So at any time we maintain a growing set of active intervals, each with a timestamp equal to its insertion order. A query asks for the maximum timestamp among all intervals that intersect the query segment. After answering, that chosen interval is removed from the active set.
The key difficulty is that both insertion and removal are online, and queries must always reflect the most recent active interval at the moment of the query.
The constraints allow up to 200,000 events and n up to 1,000,000. This immediately rules out any approach that checks all intervals per query, since a naive scan would cost O(n) per query in the worst case, leading to O(nm), which is far beyond feasible limits.
A few edge cases reveal common pitfalls. First, multiple intervals can overlap the same query, but only the newest among them matters. For example, if interval 1 is [0, 10], interval 2 is [3, 5], and interval 3 is [4, 6], a query [4, 4] should pick interval 3, not interval 2 or 1.
Second, once an interval has been used, it must disappear from all future answers. If we forget to remove it properly, it may be selected again incorrectly.

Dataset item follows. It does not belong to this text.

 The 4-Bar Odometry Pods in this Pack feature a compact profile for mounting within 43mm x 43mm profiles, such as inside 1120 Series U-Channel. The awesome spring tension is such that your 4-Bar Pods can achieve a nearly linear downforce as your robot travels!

Third, overlapping structure matters: intervals are not disjoint, so any structure relying on partitioning the line into disjoint segments will fail.
Approaches
A straightforward approach is to store all intervals in a list and, for each query, iterate through all intervals, check whether they intersect the query range, and take the one with the largest timestamp. This is correct because timestamps directly encode recency, and intersection checks are O(1). However, with up to 200,000 intervals and 200,000 queries, this leads to roughly 4 × 10^10 checks in the worst case, which is too slow.
The key observation is that this is a classic “range maximum over intervals with deletion” problem. We need to repeatedly answer: among all active intervals that intersect a query range, which has the largest insertion time.

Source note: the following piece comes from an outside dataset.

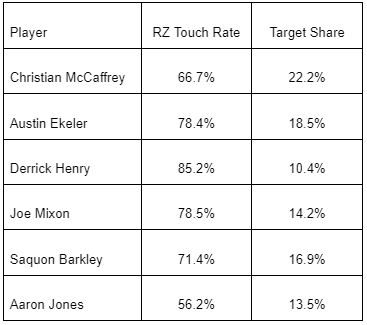 We know targets and attempts (or looks) from inside an opponent’s red zone are more valuable. Just look at the volume RBs with advance rates above the average baseline (16.7%) in BBM III secured.
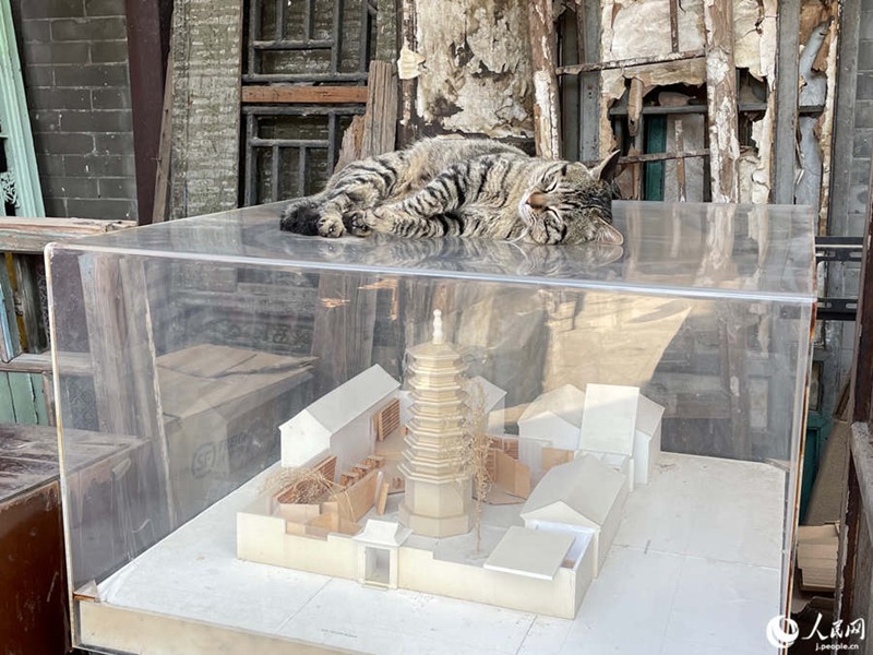 「塔の守り貓」として仕事に余念のない看板貓の「磚磚(ジュワンジュワン)」(撮影?勝又あや子)。

A segment tree over the coordinate axis provides a way to organize intervals so that each interval is stored only in O(log n) nodes, specifically those fully covered by its segment tree decomposition. Each node keeps track of intervals that fully cover its segment. For each node, we only need to know the most recent active interval stored there.
When processing a query, we traverse segment tree nodes that lie completely inside the query range. Each such node contributes its best active interval candidate. The answer is the maximum among these candidates.
Deletion is handled lazily. Once an interval is used, we mark it as inactive. Each node maintains a stack of interval ids, and when accessing the top, we discard invalid (already used) intervals until the top is active again.
| Approach | Time Complexity | Space Complexity | Verdict |
|---|---|---|---|
| Brute Force scan per query | O(n · e) | O(n) | Too slow |
| Segment tree with interval stacks | O(e log n) | O(e log n) | Accepted |
Algorithm Walkthrough
We build a segment tree over the coordinate range [0, n − 1]. Each node represents a segment and stores a stack of interval identifiers whose interval fully covers that segment.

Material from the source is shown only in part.